Sebi greenlights pilot for fractional shares via innovation sandbox: Report

This heralds a key departure from the market regulator’s previous position in 2021, when a similar plan was rejected due to concerns surrounding the custody mechanism for fractional shares.

July 30, 2025 / 08:42 IST
Fractional shares, widely used in the United States, enable investors to purchase or trade a fraction of a single equity share instead of being restricted to full units.

The Securities and Exchange Board of India (Sebi) has granted a startup permission to explore fractional share trading within its innovation sandbox — a move that could reshape the Indian equity market, a Business Standard report said on Wednesday.

This heralds a key departure from the market regulator’s previous position in 2021, when a similar plan was rejected due to concerns surrounding the custody mechanism for fractional shares.

Fractional shares, widely used in the United States, enable investors to purchase or trade a fraction of a single equity share instead of being restricted to full units.

The BS report also said that Bengaluru-based fintech startup Xaults became part of Sebi’s sandbox earlier this month to test fractional share transactions. Co-founder Neeraj Singh stated that the company will demonstrate various use-cases to Sebi and other stakeholders over the coming three to four months. However, live testing at scale will only begin if Sebi formally admits the company into the regulatory sandbox.

Singh told Business Standard that the foundation of their approved proposal lies in the custody model — wherein fractional shares would be maintained at the depository level, not with brokers.

“We’re working closely with the depository to support custody at that level,” Singh said. “Ownership will remain with the user or within their account. With depository-level custody, brokers will be able to offer fractionalised shares,” he added.

The startup also plans to partner with clearing corporations to test smart contract-based trade settlement systems. Business Standard noted that a designated depository will be assigned once Sebi advances Xaults further into the process. At the time of reporting, Sebi had not responded to emailed questions regarding the structure of fractional ownership.

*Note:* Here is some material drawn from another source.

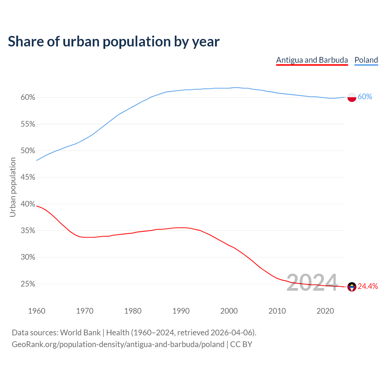 From 2004 to 2024, the share of urban population changed from 29.9% to 24.4% in Antigua and Barbuda and from 61.7% to 60% in Poland.

A previous proposal submitted in 2021 by Zerodha and StockHissa was declined by Sebi. According to Business Standard, that model relied on a holding entity purchasing full shares, which would then be split and transferred through a registrar and transfer agent licensed by Sebi. Though a trustee would oversee shareholder rights, the structure faced pushback due to regulatory constraints — primarily because it required all transfers to route through the holding entity. Experts have pointed out that Sebi’s regulations prevent brokers from acting as principals, creating hurdles for such models.

Legal professionals told Business Standard that legislative updates will be essential for fractional investing to take root in India. As Manindra Singh, a partner at Economic Laws Practice, explained, amendments to the Companies Act, 2013 are necessary, as the current law only allows full-unit ownership. The Company Law Committee recommended such reforms in 2022, advocating for the legalisation of fractional shares in dematerialised form.

In 2023, Sebi’s then-chairperson Madhabi Puri Buch had indicated interest in enabling fractional shareholding, but she also pointed to the need for updates across both Sebi’s and the Companies Act’s legal frameworks. As cited by Business Standard, Singh added that several challenges still remain, including KYC compliance, anti-money laundering protocols, handling of corporate actions like bonus shares, and tax law adjustments — all of which will require tight coordination between Sebi, the Ministry of Corporate Affairs, and tax authorities.